BEGIN Data shown

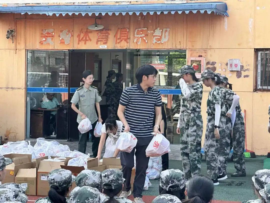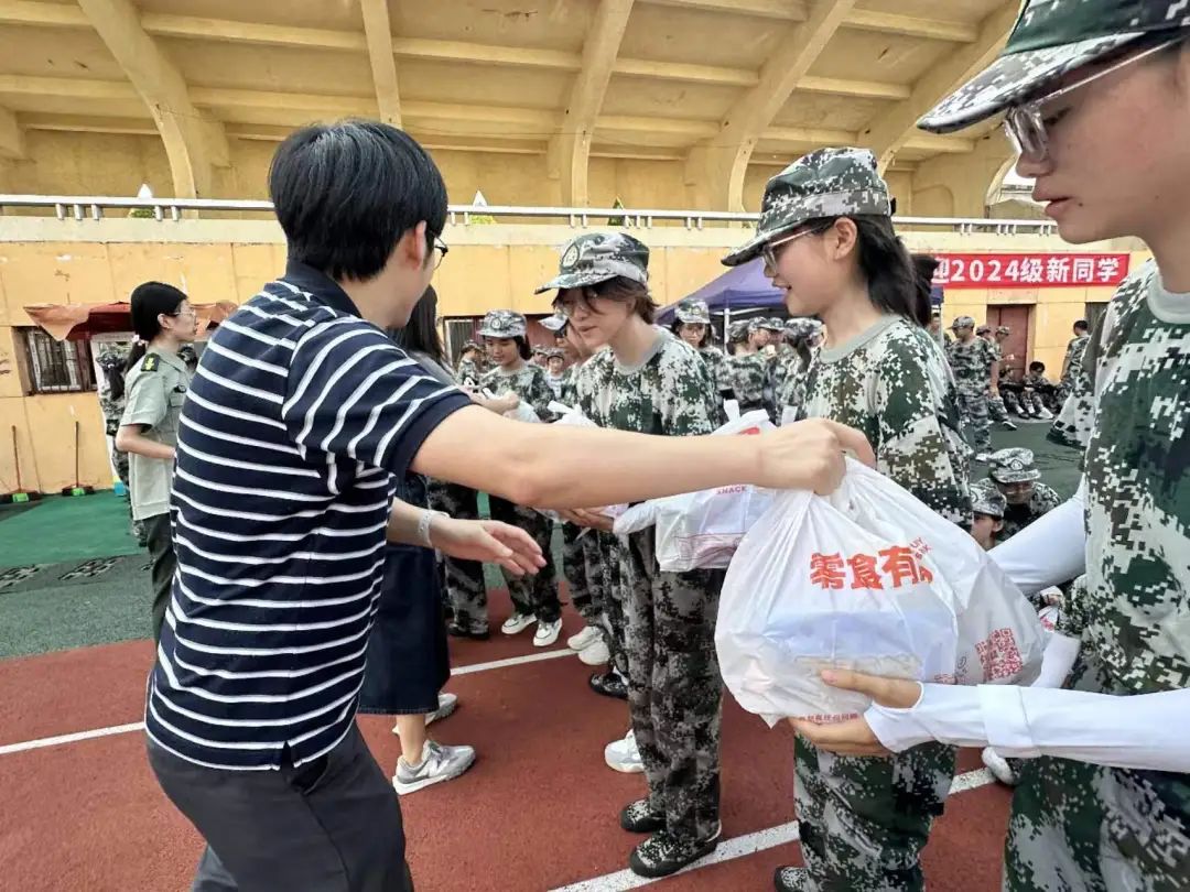 下午16时左右,学院学工组副组长、团委书记莫太林,研究生辅导员许楠、本科2022级辅导员王大海、本科2023级辅导员徐梦莹以及本科新生辅导员肖晨莹一行携着满含学院关怀的慰问物资来到训练场看望2024级的军训新生们。莫太林老师代表学院向参与军训的同学们表示亲切慰问,并给予了热情的鼓励。
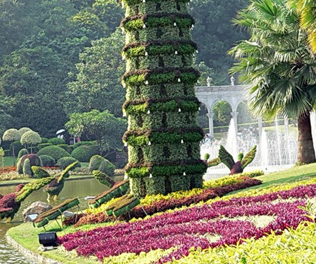 滟湖的水沿中軸線下瀉,使得滟湖成為中軸線的源頭,為了突出這一源頭,園林設計者和建造者又在滟湖的岸邊,建一羅馬柱廊,既突出了軸心線上的景點在云臺花園的作用,又與具有東西合璧特色的花園大門相對應。版權所有山東聊城聊之旅國際旅行社有限公司,轉載必究!更為有趣的是,建造者借鑒了蘇州園林中花墻的效果,在羅馬柱廊的后面又安放了一群圖騰石柱。在軸心線的兩側,云臺大花園分別排列出不同的功能區,200多種中外名貴四時花卉就被巧妙地種植在不同的功能區里。東側在種植各種花卉的同時,還依地勢起伏培植了大面積的草坪,遠遠望去,酷似一條綠色的瀑布。西側是誼園和茶室。誼園中心是一巨大地球石雕,以地球石雕為圓心,在一個巨大的圓周內,分布著已與廣州結為友好城市的市花和友好城市所在國的國花。
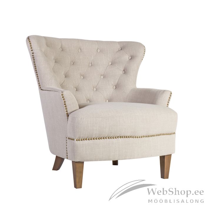 Tugitool HOLMES 79x85xH98cm, beeþ. Tugitool on kaetud beeþi linase välimusega kangaga. Kattematerjal on 57,7% polüester, 25,7% viskoos, 16,6% linane kangas. Polsterdus: polüuretaanvaht. Tugitoolil on puidust jalad. Toote mõõdud on 79x85xH98cm.
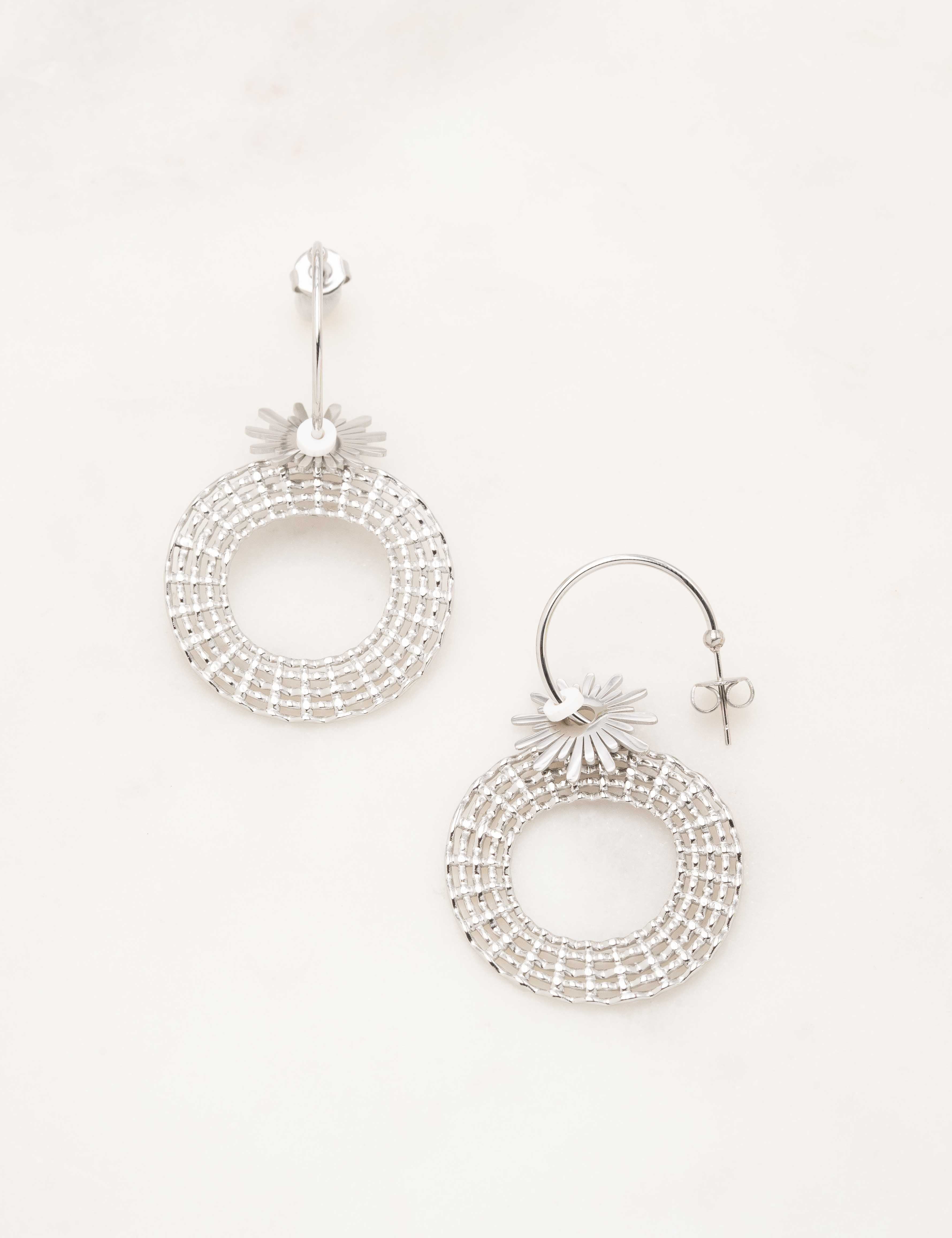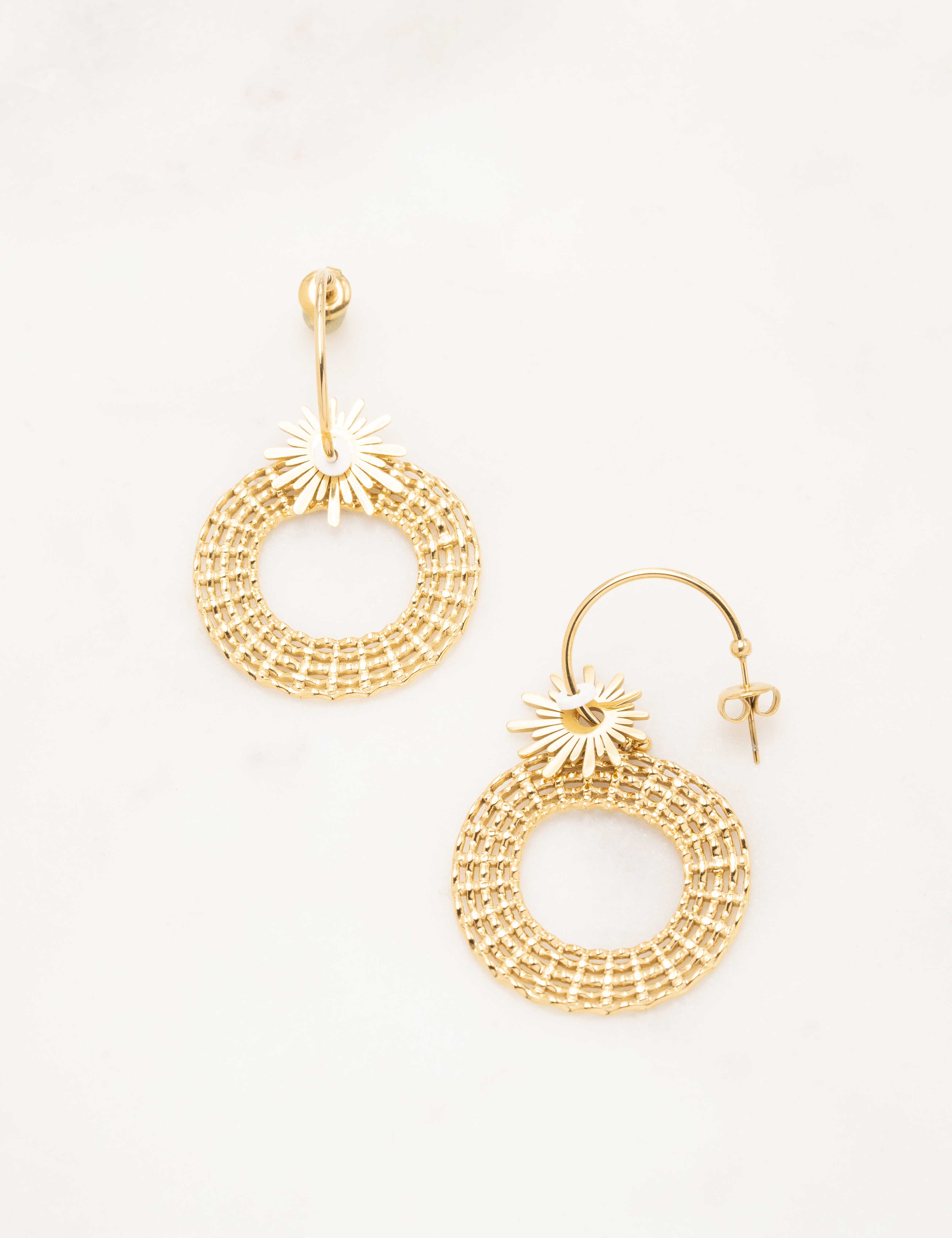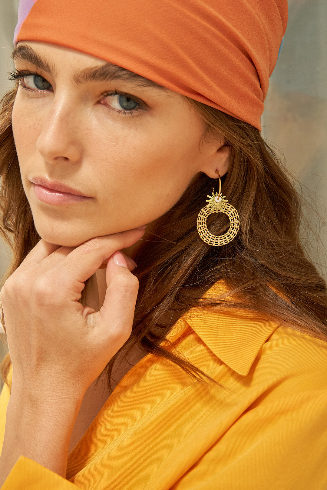 Boucles d'oreilles type créoles à puce composées d'une pièce graphique texturée, d'une petite pièce étoilée et d'une perle Heishi. Fermoir papillon.

END Data shown

▶ _About this task_
Your copy should begin at the line containing "滟湖的水沿中軸線下瀉,使得滟" and end at the last line of the data above, matching each line exactly and holding no pictures.

▶ _Finished task_
 滟湖的水沿中軸線下瀉,使得滟湖成為中軸線的源頭,為了突出這一源頭,園林設計者和建造者又在滟湖的岸邊,建一羅馬柱廊,既突出了軸心線上的景點在云臺花園的作用,又與具有東西合璧特色的花園大門相對應。版權所有山東聊城聊之旅國際旅行社有限公司,轉載必究!更為有趣的是,建造者借鑒了蘇州園林中花墻的效果,在羅馬柱廊的后面又安放了一群圖騰石柱。在軸心線的兩側,云臺大花園分別排列出不同的功能區,200多種中外名貴四時花卉就被巧妙地種植在不同的功能區里。東側在種植各種花卉的同時,還依地勢起伏培植了大面積的草坪,遠遠望去,酷似一條綠色的瀑布。西側是誼園和茶室。誼園中心是一巨大地球石雕,以地球石雕為圓心,在一個巨大的圓周內,分布著已與廣州結為友好城市的市花和友好城市所在國的國花。
 Tugitool HOLMES 79x85xH98cm, beeþ. Tugitool on kaetud beeþi linase välimusega kangaga. Kattematerjal on 57,7% polüester, 25,7% viskoos, 16,6% linane kangas. Polsterdus: polüuretaanvaht. Tugitoolil on puidust jalad. Toote mõõdud on 79x85xH98cm.
 Boucles d'oreilles type créoles à puce composées d'une pièce graphique texturée, d'une petite pièce étoilée et d'une perle Heishi. Fermoir papillon.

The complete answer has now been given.